The mathematical representation for the current generated by the photovoltaic (PV) cell (I) given by Equation (1) is calculated using Kirchhoff’s rules for the electrical equivalent circuit illustrated in Figure 3.

(1)$I_{pv}=I_{ph}-I_o\left[\exp \left({\displaystyle \frac{V_{pv}+R_{s}I}{n{N}_{sc}{V}_t}}\right)-1\right]-{\displaystyle \frac{V_{pv}+R_s{I}_{pv}}{R_p}}$

With

(2)$V_t={\displaystyle \frac{kT}{q}}$

Equation (3) provides the current created by photosynthesis, where I_sc is the PV cell’s short-circuit current at realistic circumstances, K_sc is the temperature coefficient related to the current, T and T_ref are the actual and rated temperatures (in Kelvin), respectively, G is the irradiation on the PV surface (W/m²), and G_ref is the rated irradiation (usually G_ref = 1000 W/m²).

(3)$I_{ph}=\left[I_{sc}+k_{sc}\left(T-T_{ref}\right)\right]\cdot {\displaystyle \frac{G}{G_{ref}}}$

The diode reverse saturation current (I_o) is defined in Equation (4), where V_oc and k_oc are the cell’s open-circuit voltage at the rated conditions and the temperature coefficient related to the voltage, respectively.

(4)$I_o={\displaystyle \frac{I_{sc}+k_{sc}\left(T-T_{ref}\right)}{\exp \left\{\frac{q\left[V_{oc}+k_{oc}\left(T-T_{ref}\right)\right]}{nkT{N}_{sc}}\right\}-1}}$

The parameters of the PV array used in this article under standard test circumstances (STC: 298.15 K and 1 kW/m²) are enumerated in Table A1 [22]. In this study, six and ten solar modules are connected in series and parallel, respectively. This configuration produces 33 kW of electrical power. The characteristic curve of power versus voltage of the photovoltaic array at normal solar radiation distribution is depicted in Figure 4. The waveform of the P-V curve shows an MPP point that is easily obtained by the proposed MPPT method. Figure 4 illustrates the waveforms of the power versus voltage characteristic under two different conditions: firstly, under fixed temperature (298.15 K) and varying solar irradiance, and secondly, under varying temperature and constant irradiance (1000 W/m²).

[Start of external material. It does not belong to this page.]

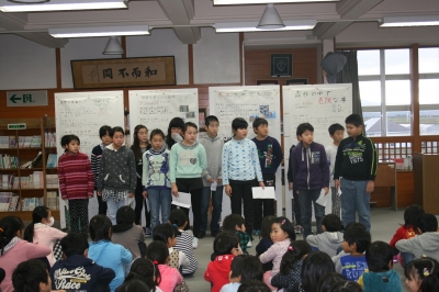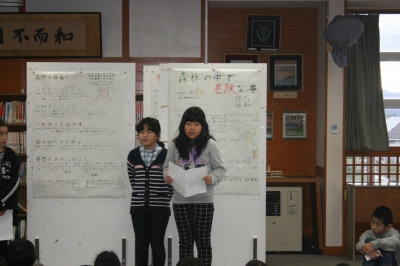 11月27日(金)、5年生による発表集会がありました。10月に、中山森林公園に行き、森の案内人の方から学んできたことや木工クラフトの体験などを、班ごとに模造紙にまとめ発表しました。聞いていた他の学年の児童も、たくさん感想を発表していました。

2.1.2. DC-DC Boost Converter

Power electrical circuits known as DC-DC boost converters are usually used to raise the input voltage. They are therefore particularly favored in low-voltage power sources such as photovoltaic modules. The basic wiring diagram of such a converter is made up of an IGBT transistor, a diode, and a filter capacitor, as illustrated in Figure 5.

A few fundamental working characteristics, including potential switching states, continuous conduction mode (CCM), and discontinuous conduction mode (DCM), are taken into consideration while analyzing DC-DC converters [23]. The converter’s passive parts, input voltage, and switching frequency form the foundation for DCM and CCM operations. The control technique of the converter is created for CCM situations based on this study’s system characteristics.

Figure 6a,b depicts a separate analysis of the DC-DC boost converter as a function of the two available switch conditions [4,22,23,24,25]. The inductor current (i_L) can be calculated using Equation (5) when the switch is in the ON state. The OFF state of the switch is illustrated in Figure 6b. In this configuration, the load’s current can be expressed by Equation (6), since the load is supplied by both the inductor and the input source.

(5)${\displaystyle \frac{d{i}_L}{dt}}=\left({\displaystyle \frac{1}{L}}\right)\left(V_{pv}-R_L\cdot i_L\right)$

(6)${\displaystyle \frac{d{i}_L}{dt}}=\left({\displaystyle \frac{1}{L}}\right)\left(V_{pv}-R_L\cdot i_L-V_{bus}\right)$

By combining Equations (5) and (6), the result is Equation (7), which represents the input current over a switching cycle.

(7)${\displaystyle \frac{d{i}_L}{dt}}=\left({\displaystyle \frac{1}{L}}\right)\left(V_{pv}-R_L\cdot i_L-V_{bus}\cdot \left(1-\alpha \right)\right)$

The parameters of the DC-DC boost converter for solar PV are enumerated in Table A2 [25].

2.1.3. Improved FSCC-MPC MPPT Control

The process of the conventional fractional short-circuit current (FSCC) approach is based on the straight-line connection with the short-circuit current (I_sc) and the current at the maximum power point (MPP) (I_mpp) of the photovoltaic (PV) panel. Figure 7 depicts the flow chart of the conventional FSCC approach [26,27]. It is evident that this approach requires repeatedly short-circuiting the PV panel to acquire the short-circuit current. The method is straightforward and simple to use [26,27]. The MPP is roughly tracked, and power is lost as a result of this operation.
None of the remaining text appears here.